Cedric-kopp, an interdisciplinary learner, built a scalar-valued automatic differentiation engine and a multi-layer perceptron from scratch by reproducing Andrej Karpathy's "Neural Networks: Zero to Hero" series, gaining an in-depth understanding of the underlying principles of neural networks and backpropagation. The project documents the complete learning process (including intermediate steps and failed attempts) and uses PyTorch cross-validation to ensure implementation correctness.

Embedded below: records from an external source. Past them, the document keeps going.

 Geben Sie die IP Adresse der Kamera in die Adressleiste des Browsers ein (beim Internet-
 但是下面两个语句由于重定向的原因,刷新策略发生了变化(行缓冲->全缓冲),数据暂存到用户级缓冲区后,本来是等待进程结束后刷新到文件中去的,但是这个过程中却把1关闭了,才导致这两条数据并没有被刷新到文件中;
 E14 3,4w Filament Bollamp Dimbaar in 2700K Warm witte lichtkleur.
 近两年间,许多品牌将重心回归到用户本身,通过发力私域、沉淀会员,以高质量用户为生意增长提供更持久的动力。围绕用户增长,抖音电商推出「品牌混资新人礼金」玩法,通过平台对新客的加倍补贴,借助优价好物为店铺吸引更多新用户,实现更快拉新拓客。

## Project Background and Learning Motivation

The author comes from a quantitative analysis/audit background and is pursuing a master's degree in analytics and artificial intelligence, focusing on a thorough understanding of fundamental principles rather than just API calls. The core goal of the project is to establish a deep understanding of the underlying working mechanisms of neural networks and backpropagation, preserving intermediate steps, failed attempts, and dead ends as a learning log to show the real reasoning process.

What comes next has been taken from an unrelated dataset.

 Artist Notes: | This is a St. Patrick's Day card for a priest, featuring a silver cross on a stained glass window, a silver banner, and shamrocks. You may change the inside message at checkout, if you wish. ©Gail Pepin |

## Core Technical Implementation: Micro-Gradient Engine

Implemented a scalar automatic differentiation engine and multi-layer perceptron via Jupyter notebooks, with key technical points including:
1. Value class: Stores scalar values, operations, predecessor nodes, and gradients to build the computation graph;
2. Operation backpropagation: Manually implements gradient calculation logic for operations like addition and multiplication;
3. Topological sorting: Ensures gradients propagate from output to input in the correct order;
4. Gradient accumulation fix: Resolves the gradient overwriting issue when nodes are used multiple times;
5. Complete training loop: Implements forward propagation, loss calculation, backpropagation, and parameter updates.

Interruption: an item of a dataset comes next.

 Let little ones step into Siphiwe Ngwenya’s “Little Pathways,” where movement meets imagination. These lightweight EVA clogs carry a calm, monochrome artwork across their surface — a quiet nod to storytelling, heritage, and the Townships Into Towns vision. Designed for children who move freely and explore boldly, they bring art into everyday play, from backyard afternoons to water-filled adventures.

## Learning Methodology and Validation Strategy

Adopted rigorous learning methods:
- Feynman Learning Technique: Annotate derivation processes and error causes in one's own words;
- PyTorch cross-validation: Compare results to verify implementation correctness and understand industrial framework design;
- Preserve learning traces: Deliberately keep intermediate steps and errors to help other learners.

## Project Positioning and Tech Stack Selection

The project is positioned as a reproduction of Karpathy's educational materials (not original, for academic honesty); the tech stack uses Python's basic scientific computing stack, with advantages: minimal dependencies (no GPU required), transparency (no black-box operations), and strong portability.

## Future Plans and Insights for AI Learners

Future plans include completing the makemore project and GPT notebook, with long-term interests in mechanistic interpretability and model alignment; insights for learners:
- Fundamental principles are the cornerstone of long-term development;
- Documenting the learning process helps with review and benefits others;
- Interdisciplinary perspectives enrich the diversity of the field.

## Conclusion

Hands-on implementation is the key to bridging the gap between API calls and principle understanding. This project provides a valuable learning path for in-depth understanding of the underlying mechanisms of neural networks. The best way to learn is to implement concepts you understand by hand, and test the depth of your understanding through detailed problems.